AEM Collection

AEM Collections index pages and assets in the AEM content repository, treating each page or asset as a separate document.

Prerequisites

Before creating an AEM Collection, make sure:

  • AEM author instance is running and accessible
  • AEM publisher instance is running and accessible
  • Admin credentials (username and password) for the AEM author instance are available

👍

Note:

SearchBlox should have access to AEM instances and reachable to crawl the AEM site pages.

Create an AEM Collection

Follow these steps to create a new AEM Collection:

  1. Log in to the Admin Console
  2. Go to the Collections tab
  3. Click on "Create a New Collection" or the "+" icon
  4. Select "AEM Collection" as the Collection Type
  5. Enter a unique name for your collection (e.g., "intranet site")
  6. Configure RAG settings (Enable for ChatBot and Hybrid RAG search)
  7. Set Collection Access permissions (Private/Public)
  8. Select the content language (if not English)
  9. Click "Save" to create your collection


  • After creating the AEM collection, you will be taken to the Settings tab.

Settings Tab

  • Provide the Authentication fields.
FieldDescription
Author Instance URLURL of the AEM Author instance to index documents from the content repository.
Publisher Instance URLURL of the AEM Publisher instance. Documents are served from the publisher, while indexing happens from the author instance.
UsernameAEM username with admin privileges. Not required if service security is disabled.
PasswordCorresponding password for the AEM username. Not required if service security is disabled.

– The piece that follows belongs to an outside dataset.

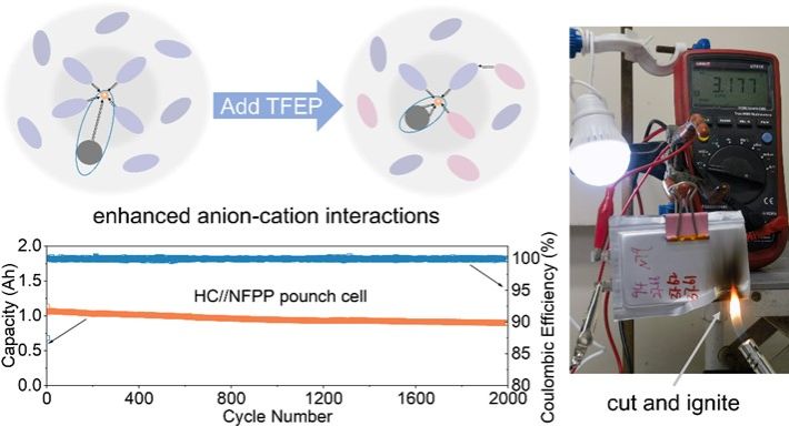 钠离子电池具有资源丰富和成本低廉的优点,是下一代大规模储能技术潜在的候选者之一。大规模储能技术对电池安全性的要求更加苛刻,目前钠离子电池使用的碳酸酯类电解液高度易燃,这使得电池在热失控条件下会起火甚至是爆炸。磷酸酯是一类阻燃溶剂,使用磷酸酯作为电解液可以大大提升电池的安全性,然而磷酸酯溶剂较差的还原稳定性会导致电解液和电极材料的电化学兼容性差,使得钠离子电池无法长寿命工作。近日,曹余良&方永进团队采用阴阳离子相互作用调节策略,成功设计了电化学兼容性良好的磷酸酯电解液,实现了高安全和长寿命的钠离子电池。

Choose the settings for Generate Using LLM and Hybrid Search.

SettingsDescription
TitleGenerates concise and relevant titles for the indexed documents using LLM.
DescriptionGenerates the description for indexed documents using LLM.
TopicGenerates relevant topics for indexed documents using LLM based on document's content.
Auto RelevanceEnable/Disable Hybrid Search for automatic relevance ranking
  • Click on Save button and Click on Test Connection.

AEM Collection Paths to Index Specific Site Pages

  • AEM collection paths let you set Allow/Disallow paths for the crawler. To index specific site pages or assets, add the allow path format. To access the paths, click on the collection name in the Collections list.

Allow/Disallow Paths

  • Allow/Disallow paths let the crawler include or exclude URLs.
  • They help manage a collection by excluding unwanted URLs.
  • All Allow and Disallow paths relate to the publisher instance URL.
FieldDescription
Allow Pathshttps://xxx.xxx.xx.xx:xxxx/wk-events/
/aqua-collections/
/wellness-care/
https://xxx.xxx.xx.xx:xxxx/wk-events/standard.html
.* (Allows the crawler to go any external URL or domain.)
Disallow Paths.jsp
/cgi-bin/
/videos/
?params
Allowed FormatsSelect the document formats to be searchable in the collection.
Enable Content APIAllows crawling of document content with special characters included.

Schedule and Index


AEM collection should be indexed only on published pages. You can set the schedule for indexing a collection with the following frequency options:

  • Once
  • Hourly
  • Daily
  • Every 48 Hours
  • Every 96 Hours
  • Weekly
  • Monthly

The following operation can be performed in AEM collections

ActivityDescription
Enable Scheduler for IndexingTurn on to set the Start Date and Frequency for indexing.
ScheduleSet the indexing schedule for each collection based on the selected options.
View all Collection SchedulesGo to the Schedules section to see all collection schedules.

Data Fields Tab

Using the Data Fields tab, you can create custom fields for search and view the default fields in non-encrypted collections. SearchBlox supports 4 types of Data Fields:

  1. Keyword
  2. Number
  3. Date
  4. Text
  • After configuring Data Fields, you must clear and re-index the collection for changes to take effect.

To know more about Data Fields please refer to Data Fields Tab


Models

Embedding

  • Provider specifies the embedding provider used to generate vector representations of documents.
  • Model defines the embedding model used to convert document content into vectors for semantic search.

Reranker

  • Provider specifies the reranker provider used for improving search result relevance.
  • Model defines the reranker model used to re-score and reorder search results based on relevance.

LLM

  • Provider specifies the Large Language Model provider used for AI-powered features.

  • Model defines the LLM used for tasks such as document enrichment, summaries, and SmartFAQs.

  • These settings override global configurations and apply only to the current collection.